On 03/18, [email protected] wrote:
>
> Quoting Oleg Nesterov ([email protected]):
> > --- 25/security/commoncap.c~CKP_TAKE_TASKLIST 2008-03-18 17:07:02.000000000 +0300
> > +++ 25/security/commoncap.c 2008-03-18 17:21:10.000000000 +0300
> > @@ -552,10 +552,6 @@ int cap_task_kill(struct task_struct *p,
> > if (p->uid == current->uid)
> > return 0;
> >
> > - /* sigcont is permitted within same session */
> > - if (sig == SIGCONT && (task_session_nr(current) == task_session_nr(p)))
> > - return 0;
> > -
> > if (secid)
> > /*
> > * Signal sent as a particular user.
>
> Note that cap_task_kill() should be gone anyway. What tree were you
> basing this on?

Ah. I realy hoped that cap_task_kill() was already killed. And I googled
this patch: http://marc.info/?l=linux-kernel&m=120422062515386

But I checked 2.6.25-rc5-mm1.bz2, it is still here. And I didn't find
anything related in http://userweb.kernel.org/~akpm/mmotm/. I even checked
http://git.kernel.org/?p=linux/kernel/git/torvalds/linux-2.6.git;a=history;f=security/commoncap.c

So, is it still here or killed?

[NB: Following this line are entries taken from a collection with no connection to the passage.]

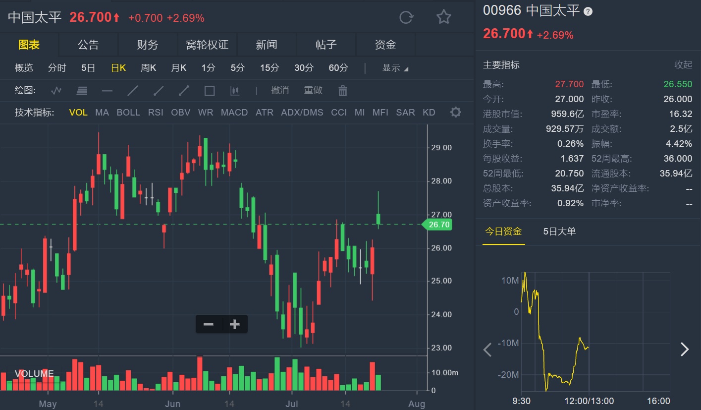 截至7月23日12:00,中国太平涨2.69%,报26.7港元。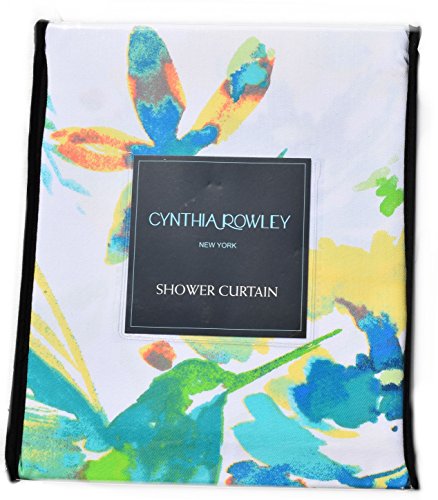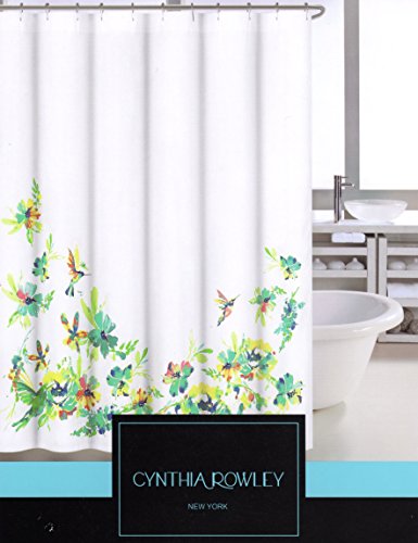 Cynthia Rowley Vintage Watercolor Cotton Fabric Shower Floral Hummingbird Print French Country 72 by 72 inch Multicolored (Turquoise)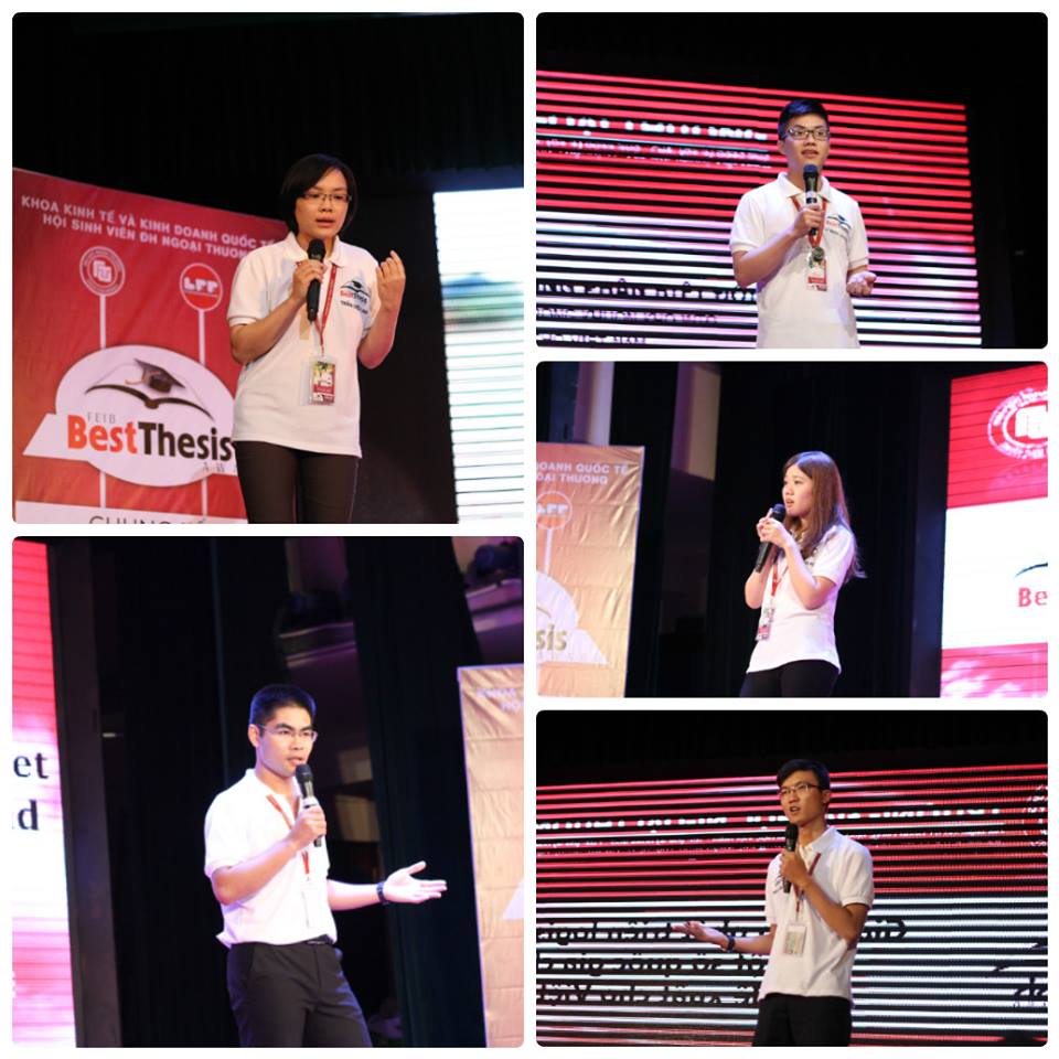 The outstanding thesis will have to go through several rounds of competition includes grading of a thesis, presentation, thesis defense before the jury and the public. During the period from May 10th, 2016 to June 10th, 2016, students who are interested can apply for exam registration the Organizing Committee at the Student Union office of Foreign Trade University, room B110 (first floor Building B).

If it is dead - great ;)

Oleg.

2008-03-19 23:36:08

by Serge E. Hallyn

[permalink] [raw]
Subject: Re: [PATCH] signals: check_kill_permission: check session under tasklist_lock

Quoting Oleg Nesterov ([email protected]):
> (on top of signals-cleanup-security_task_kill-usage-implementation.patch)
>
> This wasn't documented, but as Atsushi Tsuji <[email protected]> pointed
> out check_kill_permission() needs tasklist_lock for task_session_nr().
> I missed this fact when removed tasklist from the callers.
>
> Change check_kill_permission() to take tasklist_lock for the SIGCONT case.
> Re-order security checks so that we take tasklist_lock only if/when it is
> actually needed. This is a minimal fix for now, tasklist will be removed
> later.
>
> Also change the code to use task_session() instead of task_session_nr().
>
> Also, remove the SIGCONT check from cap_task_kill(), it is bogus (and the
> whole function is bogus. Serge, Eric, why it is still alive?).
>
> Signed-off-by: Oleg Nesterov <[email protected]>
>
> --- 25/kernel/signal.c~CKP_TAKE_TASKLIST 2008-03-18 14:47:00.000000000 +0300
> +++ 25/kernel/signal.c 2008-03-18 17:25:19.000000000 +0300
> @@ -533,6 +533,7 @@ static int rm_from_queue(unsigned long m
> static int check_kill_permission(int sig, struct siginfo *info,
> struct task_struct *t)
> {
> + struct pid *sid;
> int error;
>
> if (!valid_signal(sig))
> @@ -545,11 +546,24 @@ static int check_kill_permission(int sig
> if (error)
> return error;
>
> - if (((sig != SIGCONT) || (task_session_nr(current) != task_session_nr(t)))
> - && (current->euid ^ t->suid) && (current->euid ^ t->uid)
> - && (current->uid ^ t->suid) && (current->uid ^ t->uid)
> - && !capable(CAP_KILL))
> - return -EPERM;
> + if ((current->euid ^ t->suid) && (current->euid ^ t->uid) &&
> + (current->uid ^ t->suid) && (current->uid ^ t->uid) &&
> + !capable(CAP_KILL)) {
> + switch (sig) {
> + case SIGCONT:
> + read_lock(&tasklist_lock);
> + sid = task_session(t);
> + read_unlock(&tasklist_lock);
> + /*
> + * We don't return the error if sid == NULL. The
> + * task was unhashed, the caller must notice this.
> + */
> + if (!sid || sid == task_session(current))
> + break;

Nice, in addition to a bugfix this is also far more readable.

> + default:
> + return -EPERM;
> + }
> + }
>
> return security_task_kill(t, info, sig, 0);
> }
> --- 25/security/commoncap.c~CKP_TAKE_TASKLIST 2008-03-18 17:07:02.000000000 +0300
> +++ 25/security/commoncap.c 2008-03-18 17:21:10.000000000 +0300
> @@ -552,10 +552,6 @@ int cap_task_kill(struct task_struct *p,
> if (p->uid == current->uid)
> return 0;
>
> - /* sigcont is permitted within same session */
> - if (sig == SIGCONT && (task_session_nr(current) == task_session_nr(p)))
> - return 0;
> -
> if (secid)
> /*
> * Signal sent as a particular user.

Note that cap_task_kill() should be gone anyway. What tree were you
basing this on?

thanks,
-serge